The future of bottomfishing in the NWHI is a major concern for many. And the Executive Order establishing the NWHI Coral Reef Ecosystem Reserve allows bottomfishing to continue at Raita and West St. Rogatien banks (considered Reserve Protected Areas) for five years if it’s found to not impact the banks’ resources. To determine fishing’s impacts, Christopher Kelley of the Hawai’i Undersea Research Laboratory and Robert Moffit of the NMFS Honolulu Laboratory took submersible vehicles down to the various bottomfish habitats – identified by fishermen – at Raita and St. Rogatien. With money from the National Ocean Service, they also did a couple of dives at nearby Brooks Bank and Bank 66.

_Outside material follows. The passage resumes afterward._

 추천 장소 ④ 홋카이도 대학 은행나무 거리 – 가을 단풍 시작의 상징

At Raita, Kelly and Moffit found fewer onaga than are present around Kaho’olawe in the Main Hawaiian Islands. Although it seemed as though he was “really seeing a population decrease at one site,” with only six total dives, he could not draw any conclusions. He did note that the landscape down there was mostly barren – with no benthic cniderians on the coral substrate and a weak coral garden – up until 66 meters, which is far shallower than typical bottomfishing depths.

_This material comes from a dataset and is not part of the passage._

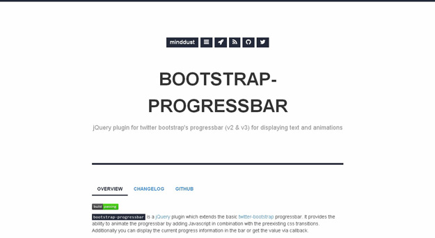 Bootstrap Progressbar 是一個(gè)擴(kuò)展了基本的Twitter的引導(dǎo)進(jìn)度條的jQuery插件。它提供了已經(jīng)存在的CSS過渡混合JavaScript動(dòng)畫進(jìn)度條的能力。 此外,您可以在進(jìn)度條上顯示當(dāng)前進(jìn)度信息,或者通過回調(diào)函數(shù)獲取值。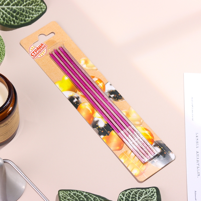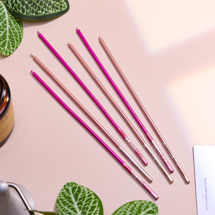 Набор свечей в торт, 6 штук "Happy", 17 см, розовый с металликом

At West St. Rogatien, the team found more, but smaller, onaga than at Raita. Brooks Bank and Bank 66, on the other hand were full of bottomfish, including a “marvelous [onaga] school of big breeders.”

In the end, no conclusions were drawn about the impacts of bottomfishing at Raita and St. Rogatien. And Kelly said he doesn’t really know why the two banks were singled out in the first place.

“The EO directed the study,” Kelly said, but added, “There are other banks more deserving of survey effort in the Northwest Hawaiian Islands.”

Whales and Dolphins

At the MMC meeting, Jay Barlow of the National Marine Fisheries Service in La Jolla presented some of the latest research and knowledge about the lesser known whale and dolphin species living in Hawaiian waters. A few factoids:

  • Hawai’i has about four or five stocks of bottlenosed dolphins living throughout the island chain. Researchers have found that the dolphins don’t travel much between islands, and also seem to have separated into two distinct population types, those that live near shore, and those that live in deep water, as evidenced by a higher frequency of scars from cookie-cutter sharks. The difference in scarring led to genetic testing that confirms two different genetic types between the deep water and shallow water dolphins.
  • Genetic samples taken from 42 short-finned pilot whales in Hawaiian waters indicate that they are more closely related to pilot whales in the Indian Ocean than those in the Eastern Tropical Pacific.
  • Listeners of the ocean, including the U.S. Navy, have occasionally heard a “boing” sound in waters off Hawai`i, the source of which was never known. In its 2002 survey of cetaceans in the Exclusive Economic Zone surrounding the Hawaiian Islands, researchers with the Southwest Fisheries Science Center found the source: a Minke whale, a species rarely seen in these waters. The research team, using a towed hydrophone array, recorded 17 Minke whales in the Hawaiian EEZ.